Olivia merely stared at him in horror. The kohl made her eyes twitch. Her lips tasted like bitter paint. She ought to say, It is a pleasure to make your acquaintance, my lord, but the words stuck in her throat.
Her wits struggled to function, save for one thought: she should have added more paint. Or fled already. Her knees weakened as she took note of his towering height and broad shoulders. He could overpower her in an instant if he so chose.

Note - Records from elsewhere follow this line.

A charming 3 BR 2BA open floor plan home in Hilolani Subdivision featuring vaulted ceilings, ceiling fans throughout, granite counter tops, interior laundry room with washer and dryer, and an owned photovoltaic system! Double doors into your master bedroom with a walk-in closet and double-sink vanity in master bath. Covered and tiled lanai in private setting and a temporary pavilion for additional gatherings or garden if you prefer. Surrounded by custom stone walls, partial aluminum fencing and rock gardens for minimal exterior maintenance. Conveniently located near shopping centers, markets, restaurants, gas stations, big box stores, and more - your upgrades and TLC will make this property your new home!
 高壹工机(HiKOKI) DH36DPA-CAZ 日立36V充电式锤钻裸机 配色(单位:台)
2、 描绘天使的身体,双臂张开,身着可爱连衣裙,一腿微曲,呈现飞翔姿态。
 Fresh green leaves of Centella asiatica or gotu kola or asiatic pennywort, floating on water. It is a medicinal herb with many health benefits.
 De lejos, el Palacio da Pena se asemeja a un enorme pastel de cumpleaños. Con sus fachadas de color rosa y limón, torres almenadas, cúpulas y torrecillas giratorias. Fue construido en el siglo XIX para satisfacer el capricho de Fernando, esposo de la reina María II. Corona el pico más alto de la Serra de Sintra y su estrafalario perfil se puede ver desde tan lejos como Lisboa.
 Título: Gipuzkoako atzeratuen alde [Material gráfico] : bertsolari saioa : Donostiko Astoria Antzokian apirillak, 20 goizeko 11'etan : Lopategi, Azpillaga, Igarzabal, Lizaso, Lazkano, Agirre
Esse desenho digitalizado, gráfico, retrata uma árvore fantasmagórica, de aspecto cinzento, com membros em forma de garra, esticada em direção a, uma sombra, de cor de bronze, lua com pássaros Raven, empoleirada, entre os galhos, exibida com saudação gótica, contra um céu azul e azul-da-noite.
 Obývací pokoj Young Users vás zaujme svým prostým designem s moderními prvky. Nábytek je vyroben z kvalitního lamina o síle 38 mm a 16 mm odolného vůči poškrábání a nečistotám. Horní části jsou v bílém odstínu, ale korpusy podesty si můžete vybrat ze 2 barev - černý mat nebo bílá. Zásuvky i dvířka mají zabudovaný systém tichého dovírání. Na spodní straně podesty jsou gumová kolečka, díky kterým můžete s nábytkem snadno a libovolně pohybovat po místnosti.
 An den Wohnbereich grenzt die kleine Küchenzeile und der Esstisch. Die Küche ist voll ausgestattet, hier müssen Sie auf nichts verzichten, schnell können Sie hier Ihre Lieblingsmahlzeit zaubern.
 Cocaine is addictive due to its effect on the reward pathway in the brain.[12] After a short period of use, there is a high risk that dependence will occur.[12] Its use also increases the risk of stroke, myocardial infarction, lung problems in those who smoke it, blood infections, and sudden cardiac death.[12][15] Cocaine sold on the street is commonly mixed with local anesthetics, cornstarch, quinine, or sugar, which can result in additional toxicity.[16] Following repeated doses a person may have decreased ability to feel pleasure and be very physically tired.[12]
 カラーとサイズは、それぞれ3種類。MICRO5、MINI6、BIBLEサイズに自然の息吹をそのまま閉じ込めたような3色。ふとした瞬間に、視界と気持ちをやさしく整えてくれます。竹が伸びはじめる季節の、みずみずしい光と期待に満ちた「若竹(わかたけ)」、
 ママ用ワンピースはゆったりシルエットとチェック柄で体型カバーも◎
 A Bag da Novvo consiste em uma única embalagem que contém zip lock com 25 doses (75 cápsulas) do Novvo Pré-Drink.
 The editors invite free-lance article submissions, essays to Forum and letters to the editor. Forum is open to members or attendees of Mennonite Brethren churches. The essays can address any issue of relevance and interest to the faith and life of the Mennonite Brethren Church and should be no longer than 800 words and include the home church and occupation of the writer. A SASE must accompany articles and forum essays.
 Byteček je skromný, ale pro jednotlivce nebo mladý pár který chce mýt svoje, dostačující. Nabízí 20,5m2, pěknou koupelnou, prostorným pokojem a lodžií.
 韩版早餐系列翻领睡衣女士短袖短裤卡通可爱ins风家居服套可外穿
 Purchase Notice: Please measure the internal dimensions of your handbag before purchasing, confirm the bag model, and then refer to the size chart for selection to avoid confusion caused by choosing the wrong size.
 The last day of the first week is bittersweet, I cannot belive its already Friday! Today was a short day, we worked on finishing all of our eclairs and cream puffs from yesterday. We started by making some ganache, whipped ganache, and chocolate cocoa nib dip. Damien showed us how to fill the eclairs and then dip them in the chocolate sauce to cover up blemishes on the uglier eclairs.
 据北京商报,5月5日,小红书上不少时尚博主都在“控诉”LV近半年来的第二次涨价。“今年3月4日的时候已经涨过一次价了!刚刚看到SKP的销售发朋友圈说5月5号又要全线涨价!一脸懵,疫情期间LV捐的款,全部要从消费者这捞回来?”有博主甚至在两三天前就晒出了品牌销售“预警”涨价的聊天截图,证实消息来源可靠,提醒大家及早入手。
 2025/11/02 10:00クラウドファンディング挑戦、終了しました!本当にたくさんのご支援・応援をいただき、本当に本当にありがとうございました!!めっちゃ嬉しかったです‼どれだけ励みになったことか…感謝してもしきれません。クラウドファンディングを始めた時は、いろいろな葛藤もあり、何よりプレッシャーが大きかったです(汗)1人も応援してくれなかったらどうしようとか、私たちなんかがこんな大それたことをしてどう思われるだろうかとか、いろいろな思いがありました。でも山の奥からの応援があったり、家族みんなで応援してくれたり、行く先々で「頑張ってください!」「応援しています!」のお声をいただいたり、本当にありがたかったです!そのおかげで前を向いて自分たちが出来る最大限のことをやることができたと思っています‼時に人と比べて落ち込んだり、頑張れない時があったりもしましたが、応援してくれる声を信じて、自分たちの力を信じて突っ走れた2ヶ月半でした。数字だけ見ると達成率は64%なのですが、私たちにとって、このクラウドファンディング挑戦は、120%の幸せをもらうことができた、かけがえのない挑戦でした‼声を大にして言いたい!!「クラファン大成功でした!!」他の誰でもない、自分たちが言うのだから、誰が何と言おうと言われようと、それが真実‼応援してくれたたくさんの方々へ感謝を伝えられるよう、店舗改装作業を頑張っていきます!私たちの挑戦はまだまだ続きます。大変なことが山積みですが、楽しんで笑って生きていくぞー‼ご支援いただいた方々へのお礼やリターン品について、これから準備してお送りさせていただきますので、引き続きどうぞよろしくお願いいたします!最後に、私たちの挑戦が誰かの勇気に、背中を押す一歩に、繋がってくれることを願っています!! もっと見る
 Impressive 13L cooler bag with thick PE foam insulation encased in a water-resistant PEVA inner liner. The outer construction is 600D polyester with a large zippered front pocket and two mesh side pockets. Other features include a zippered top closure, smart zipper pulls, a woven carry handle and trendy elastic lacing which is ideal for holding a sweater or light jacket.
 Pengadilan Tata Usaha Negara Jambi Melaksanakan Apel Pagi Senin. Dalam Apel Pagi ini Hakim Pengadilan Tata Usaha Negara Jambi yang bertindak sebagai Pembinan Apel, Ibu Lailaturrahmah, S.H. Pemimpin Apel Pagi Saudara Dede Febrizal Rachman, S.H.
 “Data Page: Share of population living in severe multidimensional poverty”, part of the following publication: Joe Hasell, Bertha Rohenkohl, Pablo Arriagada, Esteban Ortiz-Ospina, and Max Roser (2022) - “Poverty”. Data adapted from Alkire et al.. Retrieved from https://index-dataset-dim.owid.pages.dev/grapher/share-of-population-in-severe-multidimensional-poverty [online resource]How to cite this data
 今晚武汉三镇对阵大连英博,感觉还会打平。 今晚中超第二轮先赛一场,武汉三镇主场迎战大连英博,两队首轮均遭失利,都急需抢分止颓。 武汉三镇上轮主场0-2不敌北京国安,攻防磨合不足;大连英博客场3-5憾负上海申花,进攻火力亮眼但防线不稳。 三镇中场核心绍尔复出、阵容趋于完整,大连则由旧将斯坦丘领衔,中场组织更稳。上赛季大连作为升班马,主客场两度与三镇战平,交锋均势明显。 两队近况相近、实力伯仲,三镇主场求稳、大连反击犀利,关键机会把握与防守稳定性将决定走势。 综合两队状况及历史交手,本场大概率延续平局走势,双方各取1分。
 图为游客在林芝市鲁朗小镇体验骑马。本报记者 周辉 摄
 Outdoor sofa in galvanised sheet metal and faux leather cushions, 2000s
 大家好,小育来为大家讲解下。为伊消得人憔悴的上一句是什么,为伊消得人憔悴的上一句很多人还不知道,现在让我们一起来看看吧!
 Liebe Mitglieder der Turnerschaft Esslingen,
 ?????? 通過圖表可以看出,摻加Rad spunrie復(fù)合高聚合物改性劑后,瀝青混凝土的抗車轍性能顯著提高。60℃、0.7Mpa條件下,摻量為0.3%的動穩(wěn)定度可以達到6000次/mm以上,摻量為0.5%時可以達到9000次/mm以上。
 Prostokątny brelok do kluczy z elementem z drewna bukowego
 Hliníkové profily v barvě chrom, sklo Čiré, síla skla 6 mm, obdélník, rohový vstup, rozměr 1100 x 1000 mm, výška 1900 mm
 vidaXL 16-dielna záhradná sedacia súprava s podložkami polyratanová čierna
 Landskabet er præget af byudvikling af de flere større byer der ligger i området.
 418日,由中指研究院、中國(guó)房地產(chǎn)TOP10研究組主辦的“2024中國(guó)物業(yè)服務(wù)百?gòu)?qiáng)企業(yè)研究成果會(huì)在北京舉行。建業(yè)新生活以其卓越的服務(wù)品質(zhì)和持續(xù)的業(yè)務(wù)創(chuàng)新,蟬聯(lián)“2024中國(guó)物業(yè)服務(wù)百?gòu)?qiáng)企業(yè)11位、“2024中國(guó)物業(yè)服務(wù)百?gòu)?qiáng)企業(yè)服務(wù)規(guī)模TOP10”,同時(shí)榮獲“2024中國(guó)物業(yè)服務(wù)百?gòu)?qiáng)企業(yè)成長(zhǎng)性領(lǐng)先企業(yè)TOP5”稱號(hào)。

Her every instinct told her to run. But instead Olivia fixated upon what seemed to be her only course of action: behave so abominably that a man who sought her out for her biddable, ladylike qualities, would run screaming back to whatever shire he’d come from.
“Olivia.” Her mother nudged her in the ribs. She was supposed to reply to the Mad Baron.
Olivia had spent an inordinate number of hours perfecting a curtsy that highlighted the grace of her movements and conveyed her regal bearing yet deferential temperament. Today she gave a short perfunctory bob, the sort a servant might give when asked to forgo their afternoon off and empty chamber pots instead.
“Terribly sorry, my lord,” her mother begged his pardon. He merely nodded. She anxiously clutched at one of her embroidered handkerchiefs. “Olivia does excel at the curtsy. Olivia, do try again. Endeavor not to embarrass us. “
Seething inwardly, Olivia sank into the lowest most obsequious bow imaginable, exaggerating each movement from the extra deep bend in her knees to the pompously raised pinky fingers holding her gown aloft.
“Very nice,” Lord Radcliffe remarked, glancing from mother to daughter. Olivia refused to acknowledge his gaze. She just couldn’t.
She was introduced to the solicitor next, a Mr. Morris, who left with the finalized marriage contracts in his hands after bidding them good day. His parting words: “They only need to be signed.”
“Tea. Let’s do have some tea,” her mother said, bustling ahead and urging everyone to take their seats on the settees near the fireplace. “Olivia, why don’t you pour?”